**Task input**:
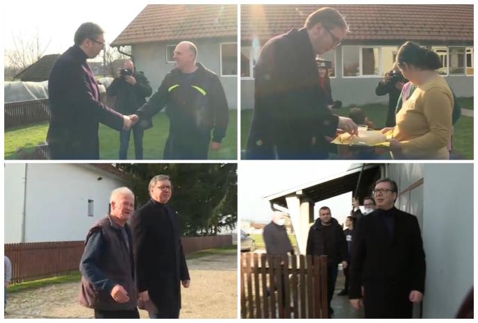 Predsednik Vučić razovara trenutno sa porodicom iz mesta Korenite, kako bi uvideo njihove probleme.
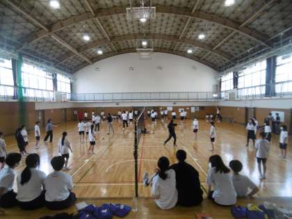 明日の終業式を前に、男女別でバレーボール大会が行われていました。学年の先生もコートに入り、生徒と一緒にバレーボールを楽しんでいました。45期生らしい光景にうれしい気持ちになりました。最後まで当たり前の行動をしっかりと行う3年生にあっぱれです!
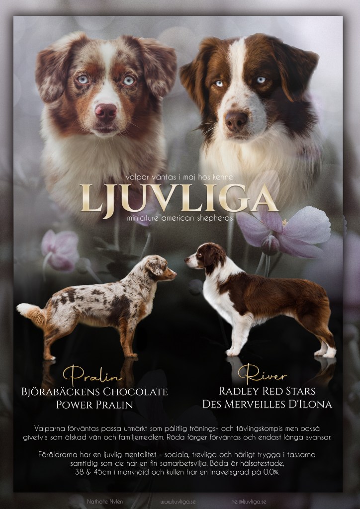 20220503 föddes fem små godbitar här hemma på ön – två röda trefärgade hanar samt tre tikar, varav två röda trefärgade och en red merle. Moder var Björabäckens Chocolate Power ”Pralin” och fader var Radley Red Stars Des Merveilles D´Ilona ”River”.
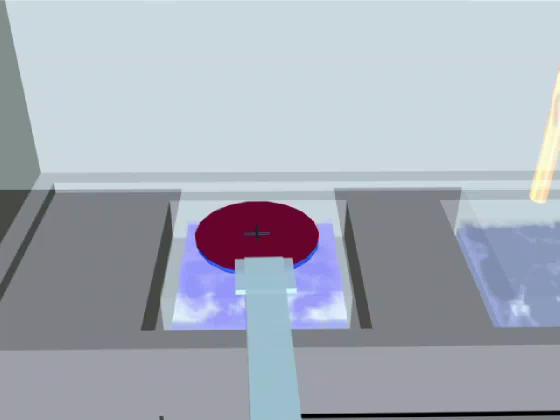 The wafer is dipped in the developer solution and slowly tilted back and forth. This mild agitation ensures that fresh developer can reach the bottom of the windows in which the photoresist, weakened by exposure, is being dissolved.
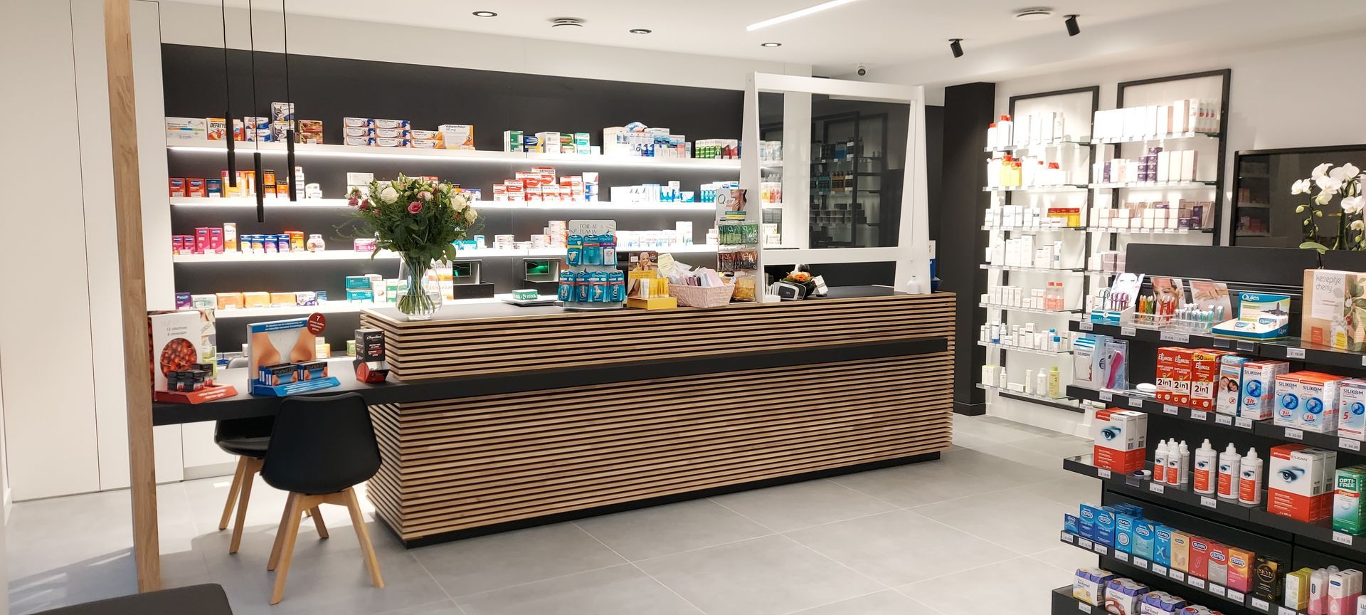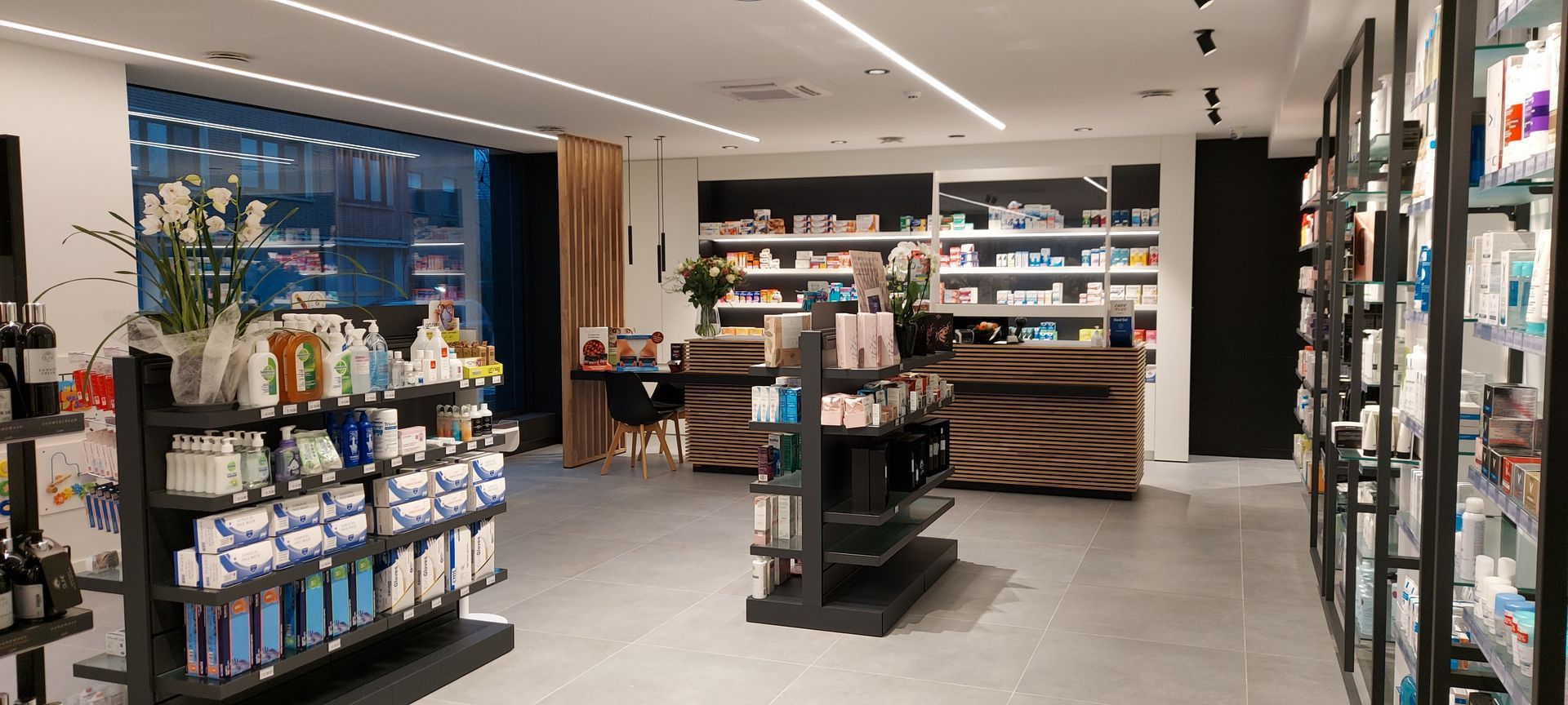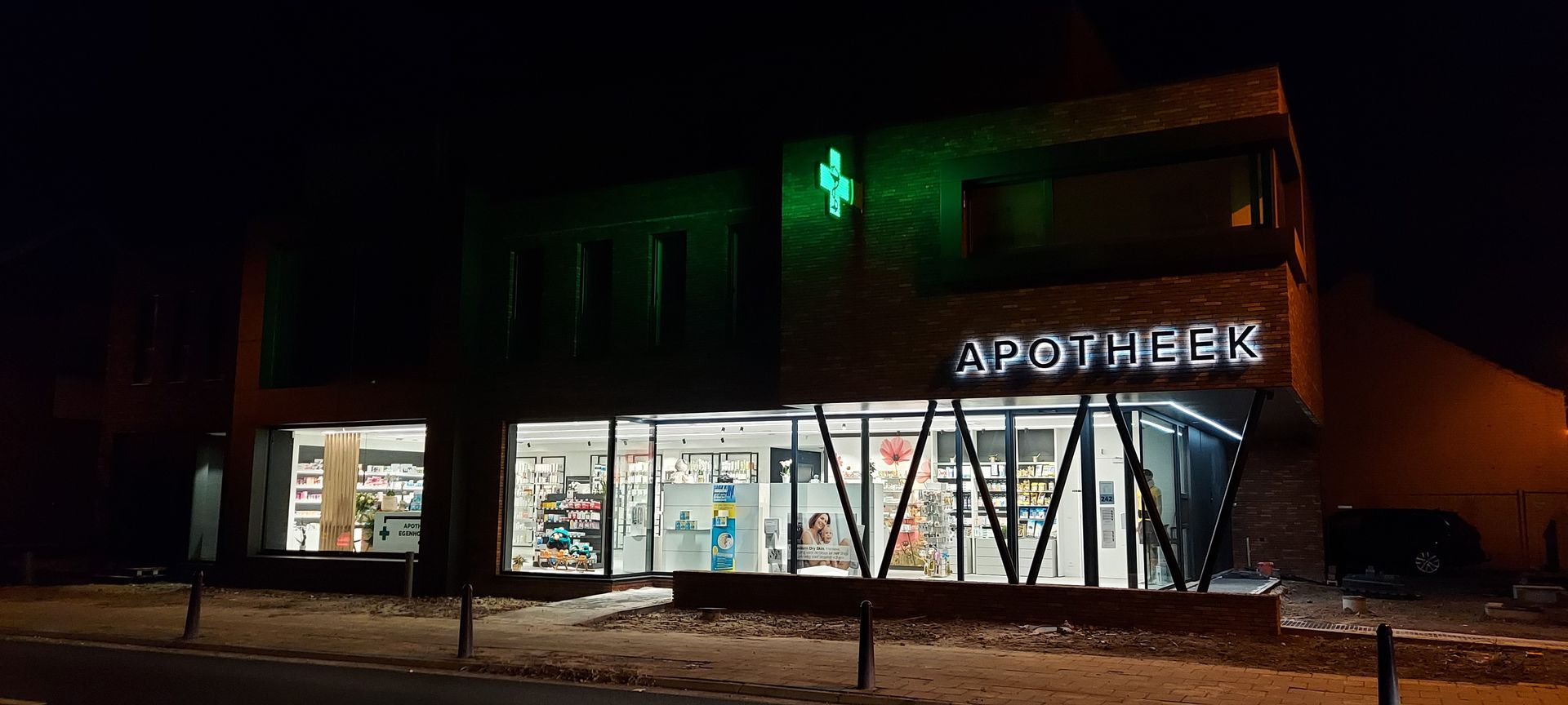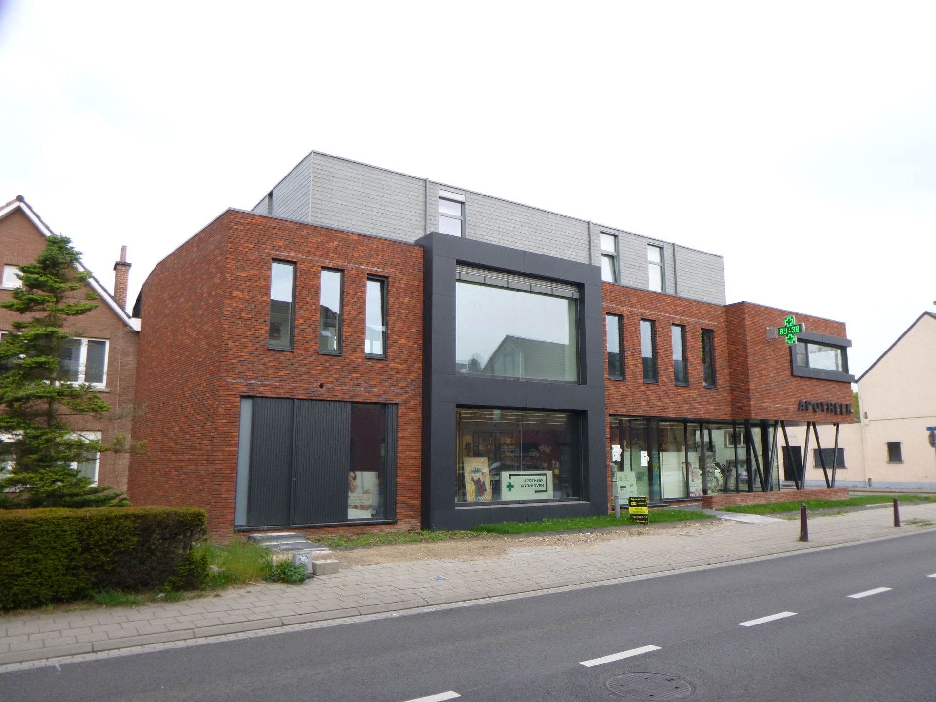 Moderne nieuwbouw apotheek met woongelegenheid en parking bij Leuven (Egenhoven). De apotheek en woonentiteiten hebben een aparte ingang.
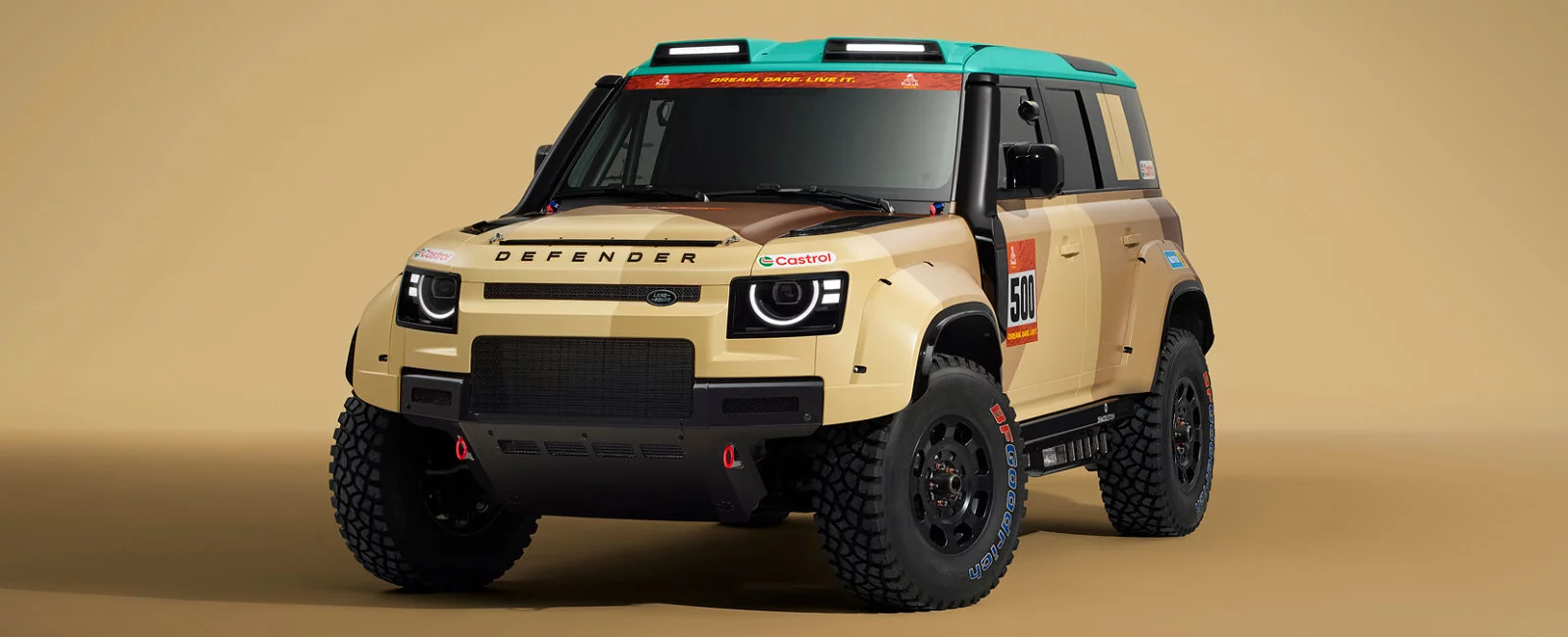 Defender Dakar D7X-R stiller op i en rå, kraftfuld og jordnær lakering, inspireret af ørkenens farver og teksturer. Det helt nye “Geopalette”-design henter sine nuancer fra de tørre, barske landskaber, der kendetegner Dakar: en kombination af sand-, sten- og jordtoner med et strejf af Aqua, inspireret af de sjældne ørkenvandløb, der tilfører både kontrast og klarhed.
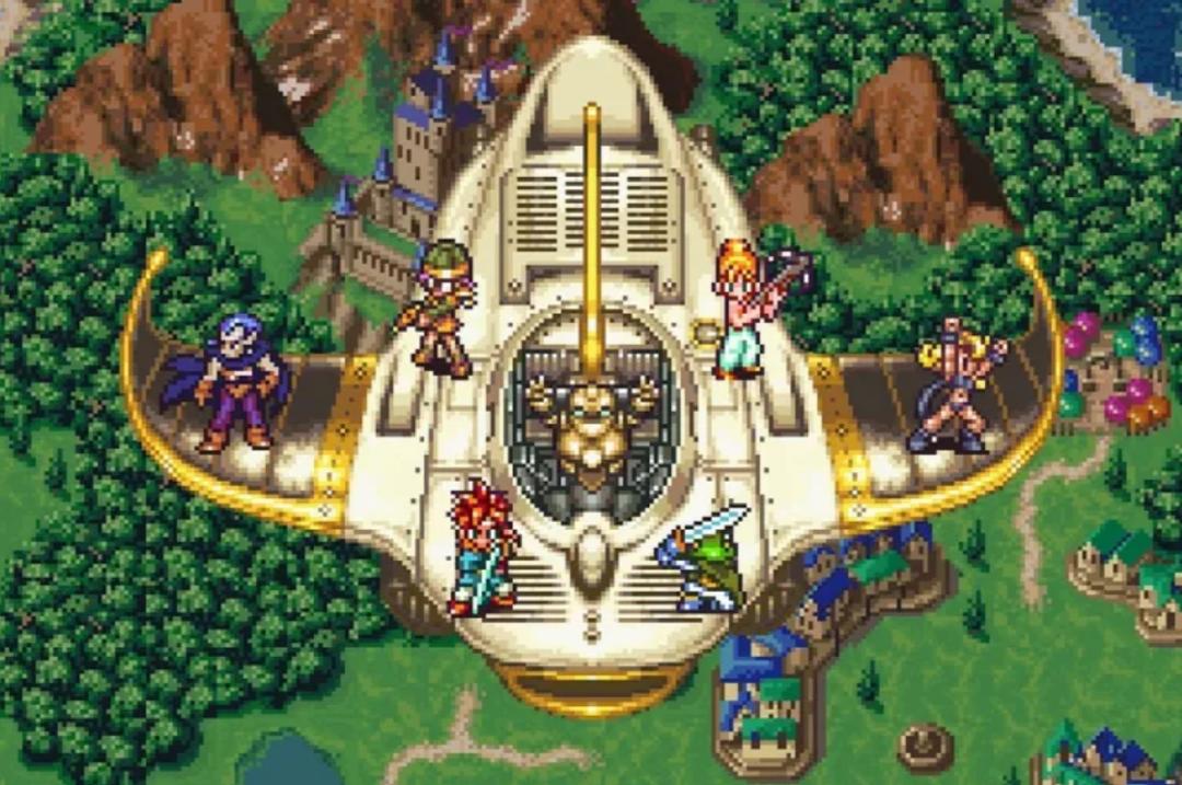 來自不同時代的戰士們乘坐於鳥山明設計的時光機(畫面來自2018年移植的PC版本)
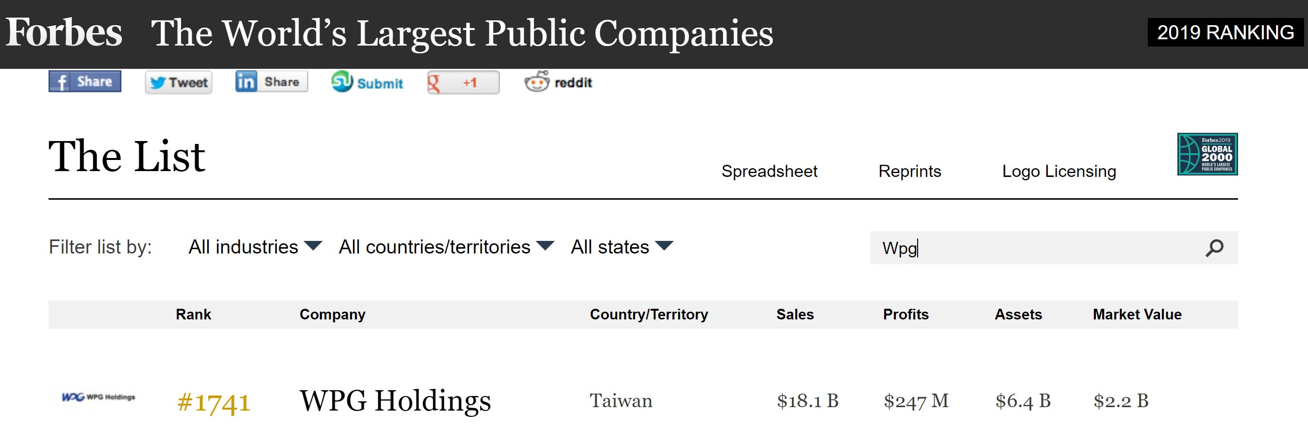 獎項名稱 | 2018年獲選【富比士雜誌】全球2000大企業

**Work task**:
Reproduce only the lines from the line that holds "Defender Dakar D7X-R" through the end of the records, exactly as they stand, both ends included and pictures excluded.

**Solution**:
 Defender Dakar D7X-R stiller op i en rå, kraftfuld og jordnær lakering, inspireret af ørkenens farver og teksturer. Det helt nye “Geopalette”-design henter sine nuancer fra de tørre, barske landskaber, der kendetegner Dakar: en kombination af sand-, sten- og jordtoner med et strejf af Aqua, inspireret af de sjældne ørkenvandløb, der tilfører både kontrast og klarhed.
 來自不同時代的戰士們乘坐於鳥山明設計的時光機(畫面來自2018年移植的PC版本)
 獎項名稱 | 2018年獲選【富比士雜誌】全球2000大企業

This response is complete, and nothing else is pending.